You're very good! Also very pretty! I think you have a very good chance. 

Also, I think you _seem_ like an ExxP based on the video.


----------



## bombshellex (Dec 23, 2009)

TurranMC said:


> Holy shit. I don't watch that show but you're really damn good. Not only are you good you have the "star" look and presence. I wish you luck, you probably have a very good chance.


Thanks!! Yes, I am hoping they feel that way as well, but I auditioned for American Idol this past summer and they didn't seem to think so. I made it through the first three rounds (which are the rounds in front of the producers/executive producers, and THEN you make it to Simon, Randy, etc.), but they did not want me to go any further. The producers insisted that Simon would "tear me apart," among other things. I stayed positive through the whole thing though. What are ya gonna do? I know I will make it in time because I want it that bad and I work hard.


----------



## bombshellex (Dec 23, 2009)

Aerorobyn said:


> You're very good! Also very pretty! I think you have a very good chance.
> 
> Also, I think you _seem_ like an ExxP based on the video.


Aw, thank you!

I appreciate your type opinion as well :laughing: I'm having a tough time figuring it out.
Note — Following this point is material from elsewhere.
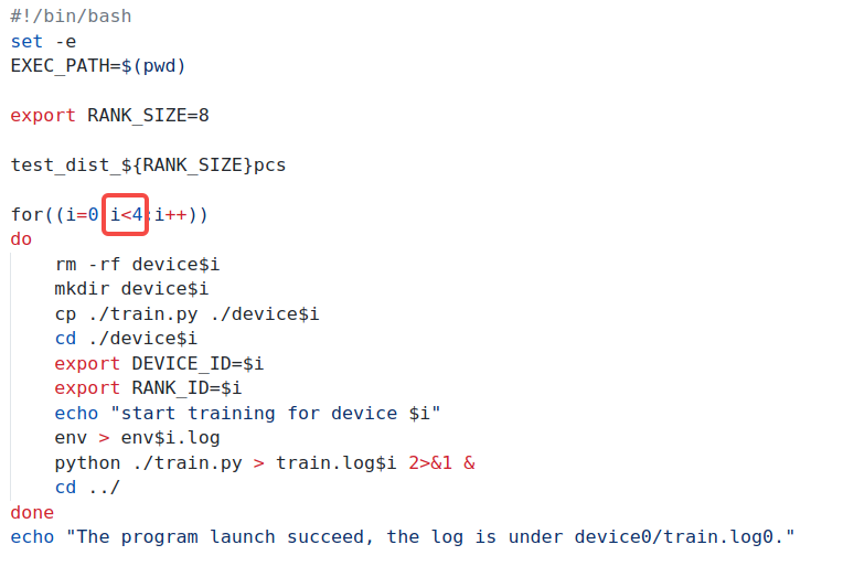 查看下启动脚本,发现里面只运行了4个进程,但是我们配置的rank_table却是8卡的。因此,只有03卡启动了程序,48卡并没有进程在启动。卡0无法连接卡4,因此造成上述的报错,解决方法:将bash启动脚本中的4改成8,如下所示:

I'm pretty convinced that I am an ENxx though.


----------



## Kuja (Oct 16, 2009)

Wow what a powerful voice! That was really good.

As for type, if you already think you're an ENxx, I'm gonna say ENFx. 

Good luck


----------



## Munchies (Jun 22, 2009)

you have a good voice and your pretty cute. fame approved


----------



## εmptε (Nov 20, 2008)

I say ENP too. I can tell by the way you move your hands around when your singing and talking. How did that intj put it "Like I'm rearranging gravity". I do the exact same thing. So do most of my other ENP friends. It's called a motivator. It gets the person more interested and some people just can't help doing it. I know I can't


----------



## Haruhi Suzumiya (Dec 24, 2009)

As previously said, I would also presume EXXP, which is rather broad, needing further clarification for it to be precise. Can you perhaps share some details of your character for our assessment to be better?


----------



## pinkrasputin (Apr 13, 2009)

Because I am surrounded and train singers all day, I can say with almost certainty ENFJ. Keep up the good work, and good luck!


----------



## bombshellex (Dec 23, 2009)

pinkrasputin said:


> Because I am surrounded and train singers all day, I can say with almost certainty ENFJ. Keep up the good work, and good luck!


 
Very, very interesting!! Because my first ever result from an MBTI test was ENFJ. Of course, the more one takes a test, the more results one gets... and that's where the confusion starts. But I think I'm an ENFJ as well. Thanks a lot!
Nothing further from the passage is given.